Por: Carlos Tobar
Me gusta ver los partidos de futbol de la selección Colombia de mayores sin la compañía de nadie. Por una razón muy sencilla: me carcome la ansiedad. Aunque mi afición a los deportes viene desde los primeros años de vida: mi papá era un fanático de los deportes y del futbol en particular, los nervios como parte de la pasión que generan las actividades de competencia ha sido parte de mi ser.
Recuerdo mis primeras competencias infantiles, donde la frustración de las derrotas me costó noches de insomnio e innumerables pesadillas. Revolcándome en la cama rumiaba las mil y una formas como habría podido salir triunfante. Un hábito que luego iba a reproducir, con ansiedades parecidas, en la función de aprendizaje del lenguaje, de cómo comunicarme, y, más tarde en mi relación con los retos del saber en general.
Pero, el origen fue mi relación con el deporte competitivo. Mi primera experiencia fue la natación.
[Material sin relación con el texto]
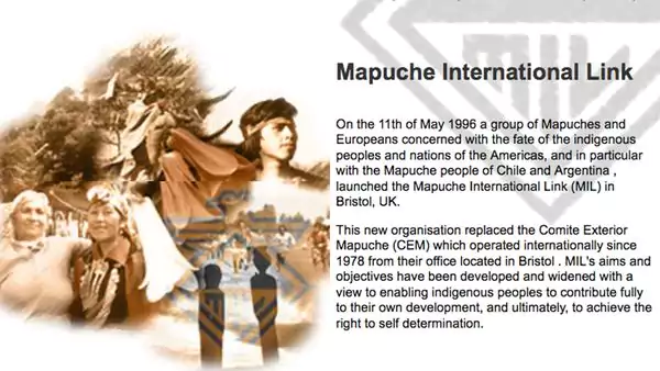 "El día 11 de mayo de 1996, un grupo de mapuches y europeos comprometidos con el destino de los pueblos y naciones indígenas de las Américas, y en particular con el pueblo mapuche de Chile y Argentina, lanzaron la Mapuche International Link (MIL) en Bristol, United Kingdom", explican las autoridades de esta organización; a saber, Edward James (Relaciones Públicas), Colette Linehan (administradora), Madeline Stanley (coordinadora de Voluntarios), Fiona Waters (a cargo del equipo de Derechos Humanos), entre otros.
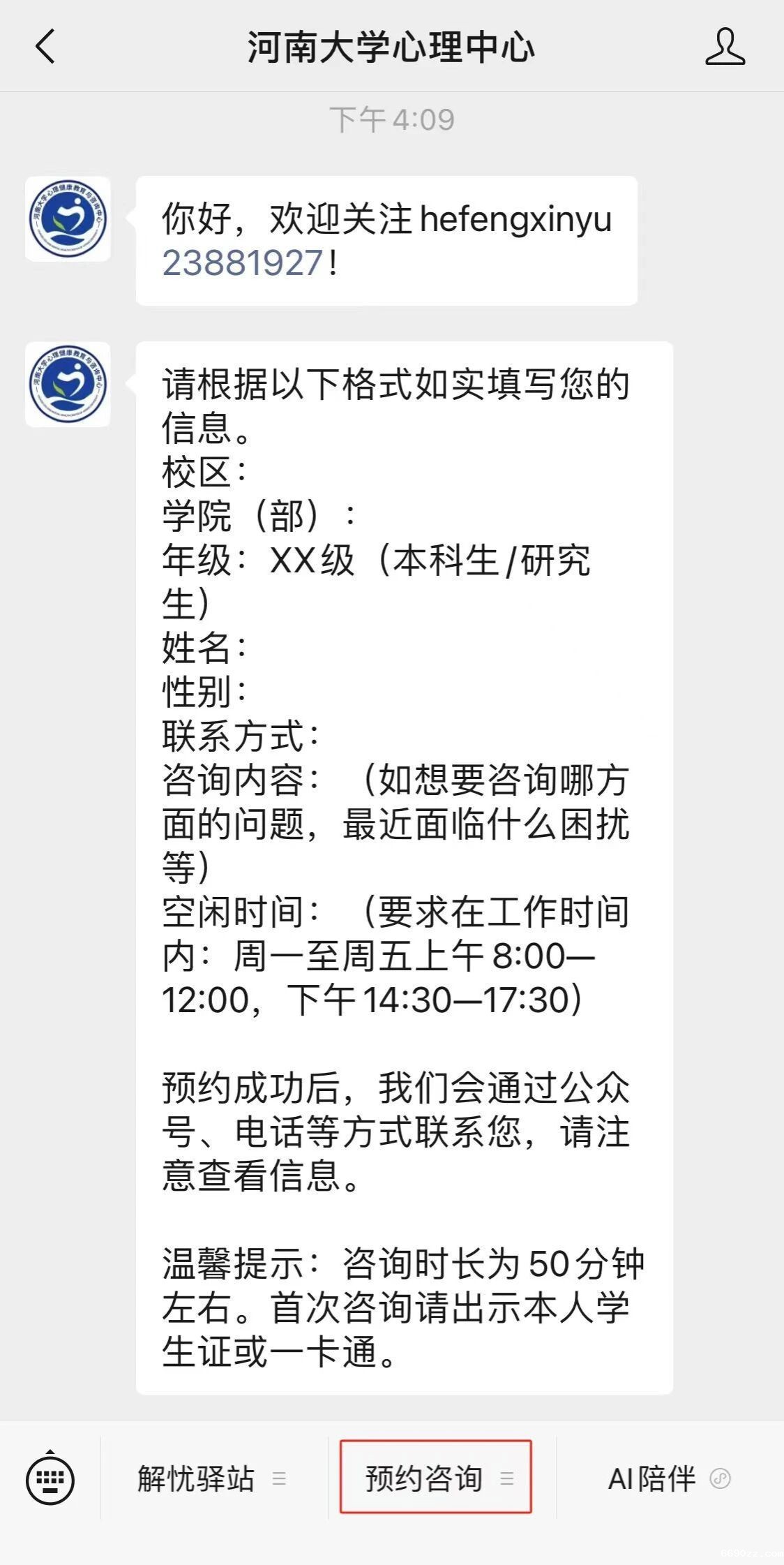 如果以上这些无法解决你的小烦恼,你可能有专业的咨询需求,寒假期间仍可以在微信公众号上预约线上咨询~点击下方菜单栏中的“预约咨询”,要根据相应格式填写个人信息哦!
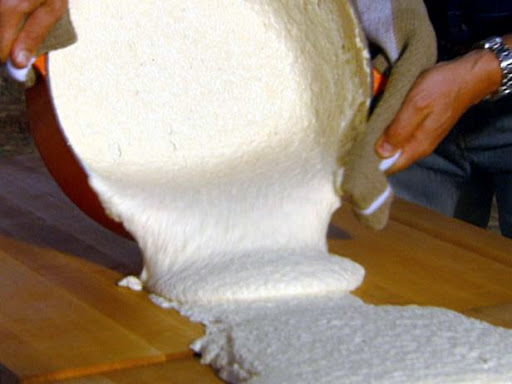 To encourage polenta to come cleanly out of the pan, cook over medium heat. Run a spatula or wooden spoon around the sides of the pan to clean off the polenta. Do not stir, but wait and watch for a few seconds until a large bubble begins to form and pushes the polenta upward. Pour immediately into a warm dish.
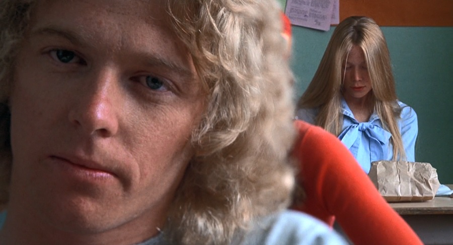 มีอยู่ 2-3 ช็อตที่ใช้เลนส์ชื่อว่า Split-Focus Diopter ภาพจะคมชั้นทั้ง 2 ฝั่งในระยะใกล้ไกล, อย่างช็อตในห้องเรียนนี้ สังเกตว่าผมของ Tommy จะเบลอๆ เพราะตกในช่วงเลนส์ระยะไกล เป็นการนำเสนอปฏิกิริยาของทั้งสองตัวละครไปพร้อมๆกัน มีความแตกต่างราวฟ้ากับเหว (Tommy มีความอับอายขายหน้าที่ได้ยินคำชมนี้ ส่วน Carrie คำพูดชมของเธอออกมาจากใจจริง)
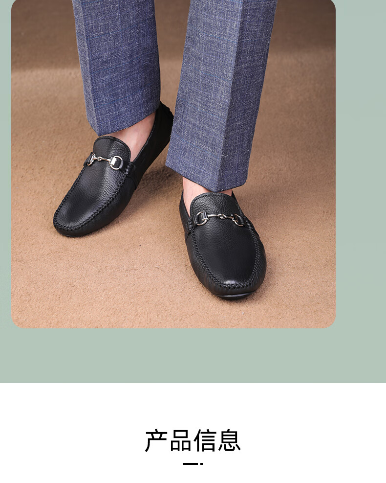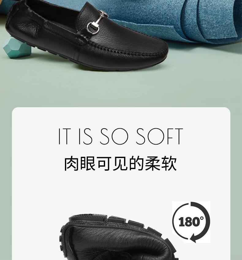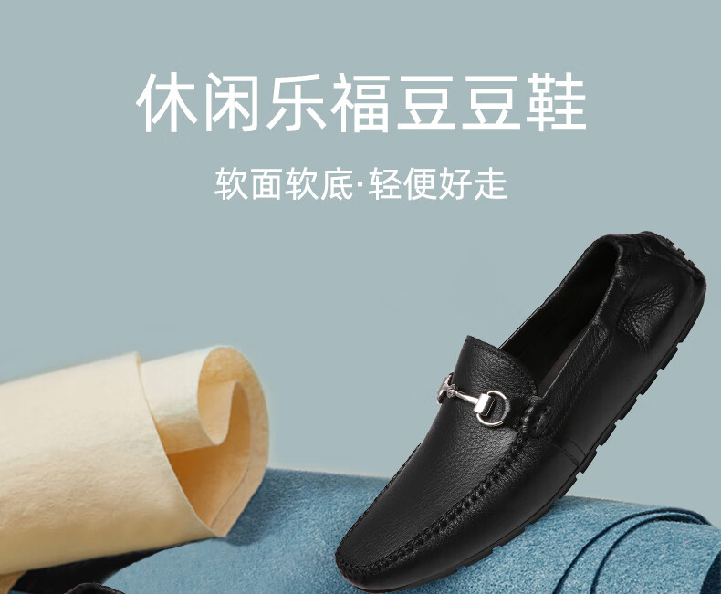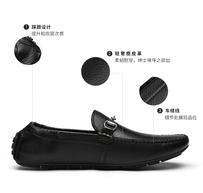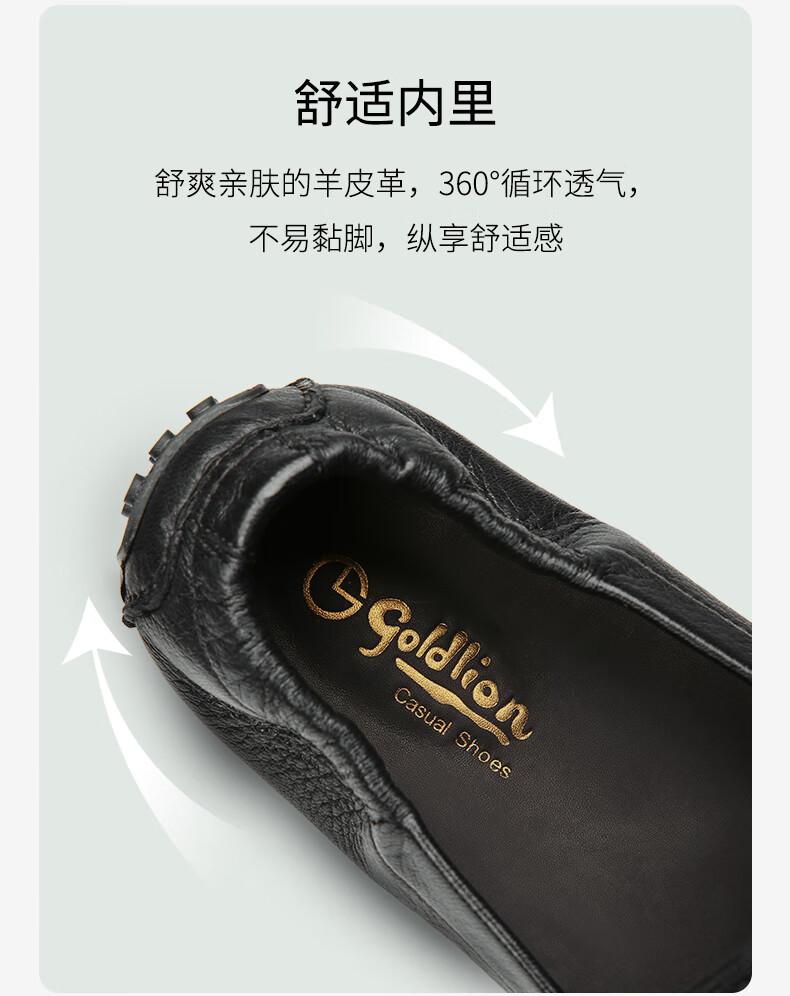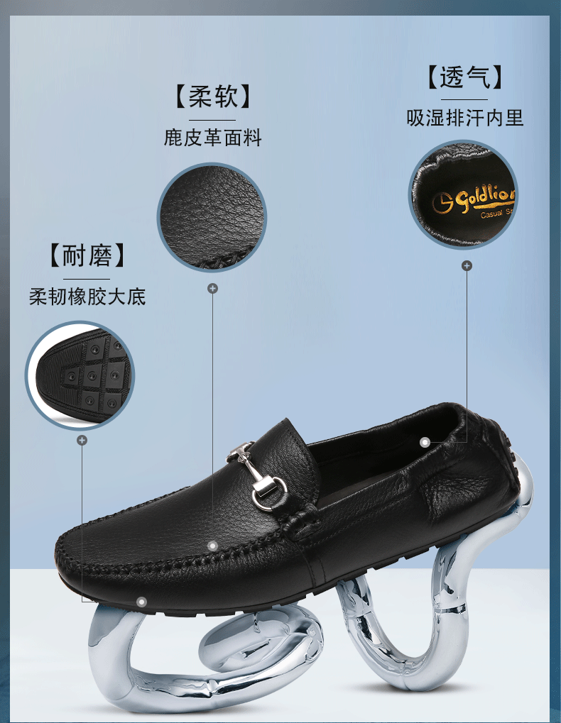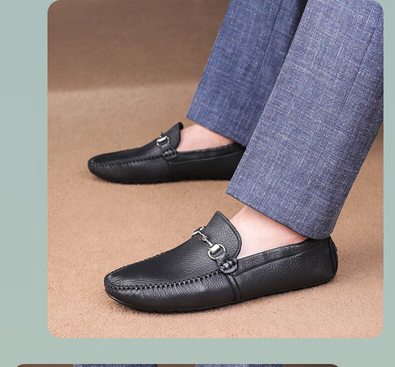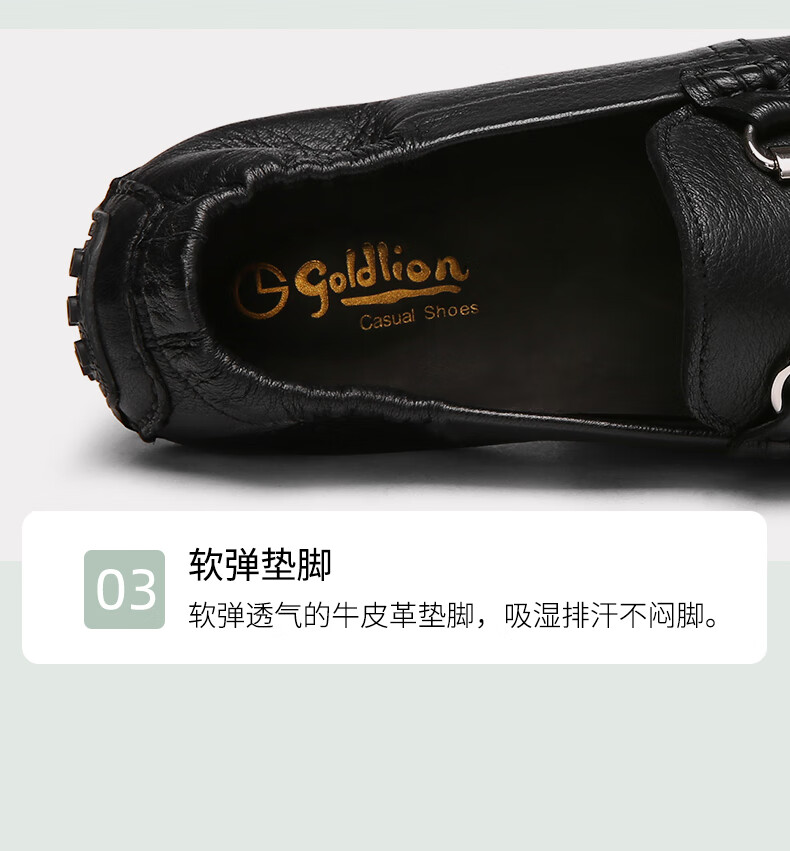 Goldlion Bean Shoes Men's Shoes Autumn Business Casual Shoes Deer Leather Shoes Soft Slip-on Driving Loafers Black 40

En una época en donde en Neiva no había sitios adecuados para practicar ese deporte: ni en la ciudad, ni en la región había piscinas de 50 metros, aprendí a nadar con estilos (a excepción del estilo mariposa) de manera autodidacta. Mirando a otras personas, directamente, o en películas en cine y televisión. Y, así competía, más contra mí mismo que contra rivales, pues quienes practicaban ese deporte eran tan aficionados como yo.
La práctica en piscinas que no eran las más adecuadas desde el punto de vista sanitario me llevó a contraer una grave sinusitis que me retiró a la brava de esa primera experiencia competitiva a la edad de 11 años.
Luego me aficioné con una pasión a veces insana al basquetbol. Un deporte en el que unos primos mayores habían sido destacados deportistas: Abraham y Jorge Tobar Rojas, integrantes de “la aplanadora opita”, un equipo del Huila que alcanzó múltiples triunfos a nivel nacional e internacional.
Digo que pasión insana porque no medir el uso del tiempo entre el deporte y el estudio me llevó a perder un año lectivo en el que fui por esa razón el mejor deportista, pero el peor estudiante. La lección de vida fue aprender a medir la importancia de los esfuerzos que como personas hacemos en nuestra vida cotidiana. Al año siguiente, me perdió el deporte y me ganó el amor por el saber.
Todo este cuento lo estoy echando es para destacar la alegría que nos ha dado la selección nacional de futbol de mayores que por séptima vez clasifica a esta justa mundial del, tal vez, el más importante de los deportes de masas.
No es una alegría cualquiera, porque en un país donde el fundamento que nos uniera como nación debería ser el desarrollo económico, social, ambiental, político y cultural, el ser un país avanzado de nivel mundial en el que la prosperidad cobijara a la mayoría de los ciudadanos: la realidad es otra.
Un desarrollo tan precario que mantiene en condiciones indignas a la mayoría de los colombianos, tanto que no nos queda sino la ilusión de unirnos alrededor de una selección nacional en la que destaquemos con los mejores del mundo.